As of 25 August 2023, the obligations set out in the Digital Services Act (“DSA”) for online platforms and very large search engines became directly applicable throughout the European Union. From the strengthening of online protection for minors, to the extension of transparency obligations on content moderation mechanisms, from the fight against fake news, to the clampdown on the publication of illegal content: let us guide you through the main requirements.

 
  
Before proceeding, it is crucial to recall that only platforms and search engines with an average monthly number of active recipients in the European Union of 45 million or more shall be considered as “very large”. The relevant entities were expressly identified by the European Commission with a specific act dated 25 April 2023, among which we can find – without particular surprises – some major players in the technological field, including Google, Meta, Apple and Microsoft.
  
The strategic importance of such entities is all the more evident if we look at the goal that the European legislator intends to achieve through the DSA, namely the creation of a safe, predictable and trusted online environment that facilitates innovation and effectively protects the fundamental rights of the individual.
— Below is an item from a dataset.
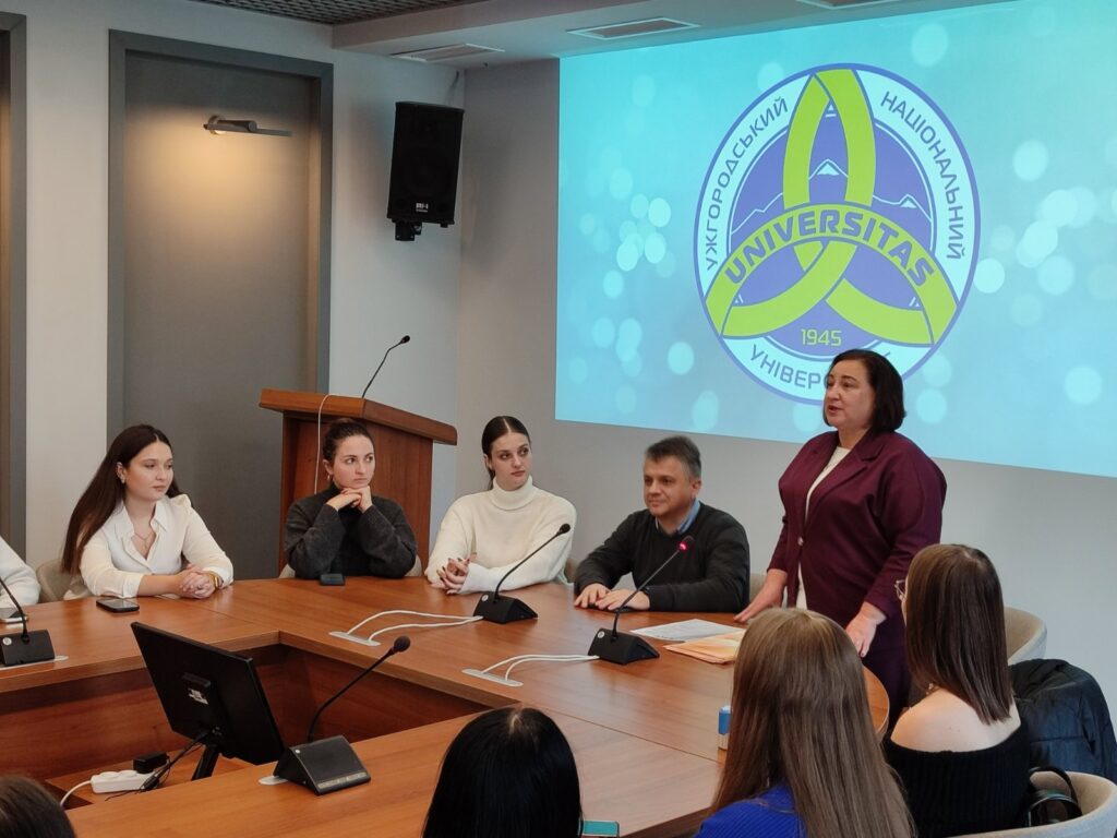 Так, під час розширеного засідання профбюро первинної профорганізації студентів УжНУ, у залі Вченої ради Ужгородського національного університету до студактиву з вітальним словом звернулися проректор з науково-педагогічної роботи ДВНЗ «УжНУ» – Ігор Король та голова Закарпатської обласної організації Профспілки – Тетяна Повханич.

And it is clear that this mission cannot be achieved without taking advantage of the dominant position that the players identified by the Commission hold in the digital market.
 

General obligations

What are the prescriptions imposed by the DSA on such entities? Firstly, we find a series of broader obligations that the DSA addresses to all intermediary service providers falling within its scope, without distinction. These entities are required, in brief, to: 
  • designate a single point of contact to communicate directly with the competent authorities and the recipients of the service;
  • supplementing its terms and conditions by including information on the restrictions imposed, in clear, simple, understandable, user-friendly and unambiguous language;
  • ensure greater transparency of content moderation logics and procedures, with particular focus on algorithmic decision-making processes and human verification and supervision.

  

Obligations regardless of size

Secondly, the DSA specifically tailors some requirements for online platform providers, regardless of their size. Among these, it is worth mentioning the following ones:
  • adopt illegal content reporting mechanisms;
  • provide clear and specific justifications for restrictions imposed in relation to illegal contents or to information incompatible with their terms and conditions of the recipients of the service;
  • ensure access by recipients of the service to an internal complaint handling system related to the services provided;
  • suspend, on a temporary basis, the provision of services to parties that frequently provide manifestly illegal content;
  • design online interfaces so that they enable people to take free and informed decisions, avoiding any manipulation or deception (which should be interpreted, in simple terms, as a general ban on the implementation of dark or deceptive patterns);
  • provide detailed information on advertising activities carried out within the platform, in a clear, concise, unambiguous and real-time manner;
  • ensure greater transparency regarding the use and operation of any content recommendation systems;
  • increase the protection of minors in the digital world, by providing – among other things – an express prohibition on the use of profiling-based advertising;
  • adopt mechanisms for illegal content reporting ;
  • provide clear and specific justifications for restrictions on illegal content or content incompatible with the terms and conditions of the recipient of the service.
 

Obligations exclusive to large online platforms and search engines

Finally, the DSA establishes a series of obligations exclusively dedicated to online platforms and large search engines, which include the duty to:
  • assess the systemic risks arising from the design, operation and use of the service – with particular attention to any algorithmic systems deployed – and duly mitigate such risks;
  • collaborate with the European Commission in the context of responding to critical events;
  • undergo, at their own expense and at least once a year, independent audits to assess the degree of compliance with the DSA;
  • include, among its recommendation systems, at least one option that is not based on the profiling of the recipient of the service;
  • upon request, provide access to the data that are necessary to monitor adherence to the requirements of the DSA;
  • establish an internal independent function to monitor compliance with the DSA.
 

High penalties in the event of violation

Only time will tell us how the entities affected by the obligations hereby described will be able to tackle the burdensome measures envisaged. What we know is that the fines in the event of violation are of absolute relevance, even exceeding those provided for under the GDPR: penalties may in fact amount to up to 6 percent of the annual worldwide turnover of the provider of intermediary services concerned in the preceding financial year.